Although 16S rRNA gene sequencing and metabolomics from clinical and preclinical studies have identified characteristic microbial and metabolic signatures in PP, these cross-sectional approaches cannot establish causal relationships with HFD-induced PP (Bo et al., 2022; Wang et al., 2020; Wang Y. et al., 2024; Wang L. et al., 2024; Huang et al., 2023; Huang et al., 2022; Li et al., 2021b; Dong et al., 2020; Qian et al., 2024; Yi et al., 2024; Nguyen et al., 2024; Yuan et al., 2023; Wang et al., 2022). Intervention studies employing FMT and targeted metabolite administration have confirmed that GM influences HFD-induced PP by regulating the hypothalamic Kiss1-GnRH system, with specific metabolites like SCFAs and GDCA exerting ameliorative effects through this pathway (Bo et al., 2022; Wang et al., 2022; Wu et al., 2025). GDCA upregulated Sirt1 expression to suppress the Kiss1 gene. Intriguingly, SCFAs (Jiao et al., 2020; Caetano-Silva et al., 2023; Lin et al., 2022) and specific BAs (Shihabudeen et al., 2015; Yanguas-Casás et al., 2017; Paluschinski et al., 2019; such as tauroursodeoxycholic acid, glycochenodeoxycholic acid, chenodeoxycholic acid, and others) may inhibit multiple key nodes in microbiota-independent pathways, including attenuating p53 expression, reducing microglial activation, and modulating metabolic hormone dysregulation. Leptin, in turn, has been reported to modulate gut microbial metabolic function by enhancing duodenal sympathetic tone and to regulate systemic BA metabolism (Wen et al., 2021; Toledo et al., 2025). However, critical issues still remain: first, the discordance between increased SCFA-producing bacteria and their biological effects in PP may stem from multiple factors, such as pharmacologic versus physiologic concentration disparities, cross-sectional study limitations, and distinct mechanisms of direct interventions versus microbial-mediated actions; second, species-specific variations in BA metabolism constrain clinical translation to humans (Straniero et al., 2020); third, it remains unclear the specific microbial sources of bioactive metabolites and how GM and metabolites regulate hypothalamic gene expression via the microbiota-gut-brain (MGB), potentially through vagal or circulatory pathways (detailed in Section 7.2).
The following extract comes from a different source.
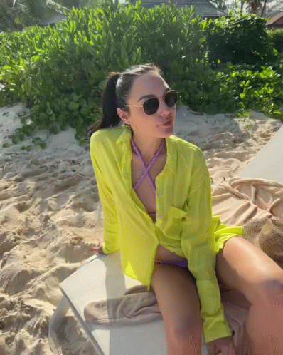 Paglalarawan ng Content: a woman wearing sunglasses and a yellow shirt is sitting on a beach

Additionally, key neuromodulators (GABA, DA, 5-HT) and LPS are promising metabolites warranting further investigation, though their precise roles and concentration changes in HFD-induced PP remain to be elucidated. Collectively, HFD impacts pubertal timing through both microbiota-dependent and microbiota-independent pathways that exhibit cross-regulation, providing a conceptual framework for understanding PP pathogenesis and developing targeted interventions.
7.2 Evidence between the gut-brain axis and PP
Mounting evidence linking the GM to hypothalamic dysfunction in the context of PP has underscored the bidirectional communication between the GM and the brain via the MGB axis. MGB axis is theorized to occur through various systems, including the autonomic and enteric nervous systems, neuroendocrine pathways, and the immune system (Cryan et al., 2019). Nowadays, understanding of the mechanisms of PP through the MGB axis focuses on several pathways.
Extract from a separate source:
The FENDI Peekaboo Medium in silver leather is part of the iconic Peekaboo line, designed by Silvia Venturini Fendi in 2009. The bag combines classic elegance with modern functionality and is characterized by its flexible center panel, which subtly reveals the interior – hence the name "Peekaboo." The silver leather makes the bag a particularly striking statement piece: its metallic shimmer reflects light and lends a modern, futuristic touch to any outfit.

First, GM may modulate brain function through vagal nerve activation, the most extensively studied pathway. Clinical evidence shows cardiac autonomic dysfunction in girls with idiopathic PP, mainly manifested as a decrease in vagal nerve tension (Yi et al., 2017). Animal experiments further demonstrate that prepubertal vagotomy could lead to ovarian dysfunction, confirming its crucial role in the development of puberty (Morales-Ledesma et al., 2004). Mechanistically, as the main conduction pathway connecting the enteric nervous system and the central nervous system, the vagus nerve expresses receptors for a variety of bioactive compounds on its surface (such as GLP-1 receptor, cholecystokinin 1 receptor, neuropeptide Y receptor Y2, GPR35, and GPR119), enabling direct recognition of signaling molecules from GM and their metabolites, such as LPS-producing bacteria (Ma et al., 2024), acetate-producing bacteria and acetate (Zheng et al., 2021), kynurenic acid (Fan et al., 2023b), indole (Jaglin et al., 2018) and others. While cross-disease studies provide experimental support for vagus nerve–mediated microbiota-brain communication, critical gaps persist in understanding its specific regulatory mechanisms in PP pathogenesis—particularly how distinct microbial metabolites modulate HPG axis activity via the vagus nerve.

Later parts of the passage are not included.